Strengthening Banking in the Public Interest
Sunday 03 January 2010
Returning our business to community banks is a great start. However, community banks are not suffering from a lack of customers so much as from a lack of the capital they need to make new loans, and investment capital today is scarce. There is a way out of this dilemma, demonstrated for more than 90 years by the innovative state of North Dakota – a partnership in which community banks are backed by the deep pockets of a state-owned bank.
Arianna Huffington just posted an article that has sparked a remarkable wave of interest, evoking over 4,500 comments in a mere three days. Called “Move Your Money,” the article maintains that we can get credit flowing again on Main Street by moving our money out of the Wall Street behemoths and into our local community banks.
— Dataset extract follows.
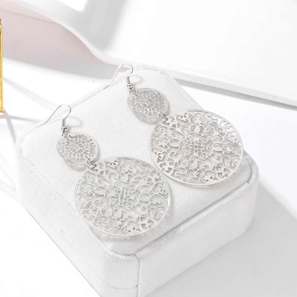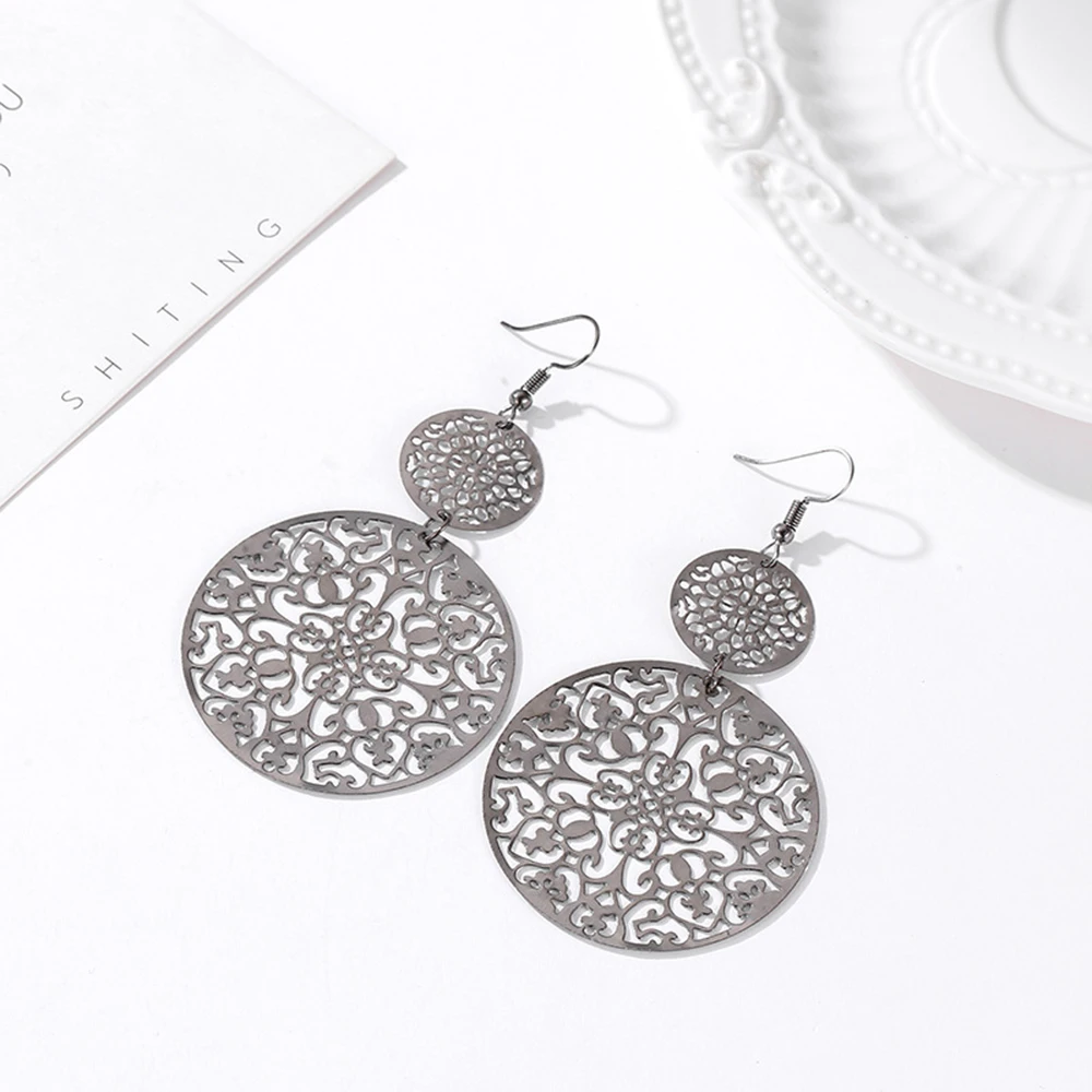 Большие круглые ажурные серьги KaiMin в винтажном стиле бохо, серьги-капли, матовые серьги для женщин, новинка 2021, ювелирные изделия вечерние ринки и свадьбы

Ralph Nader has spent decades seeking to restore both government and corporate accountability. Eight electoral reforms were drawn from his book Crashing the Party–Taking on the Corporate Government in an Age of Surrender and are available for any citizen to use in order to agitate for non-violent legal ethical reform at the local, state, and national levels.
Phi Beta Iota: The primary reason Wall Street was desperate for bail-out funds and the government theater was to keep all of the individual stock owners “standing pat.” A run on the bank by individual shareholders would have crushed Wall Street. Although the labor union pension funds are also potentially aligned with the individual citizen-voter, most labor leaders have sold their unions out and joined the “elite” in their desire to maintain the status quo. Democracy does work–but it r5equires commitment. Move your money–and use your vote to put Independents into a position that can ultimately put the two-party tyranny out of business.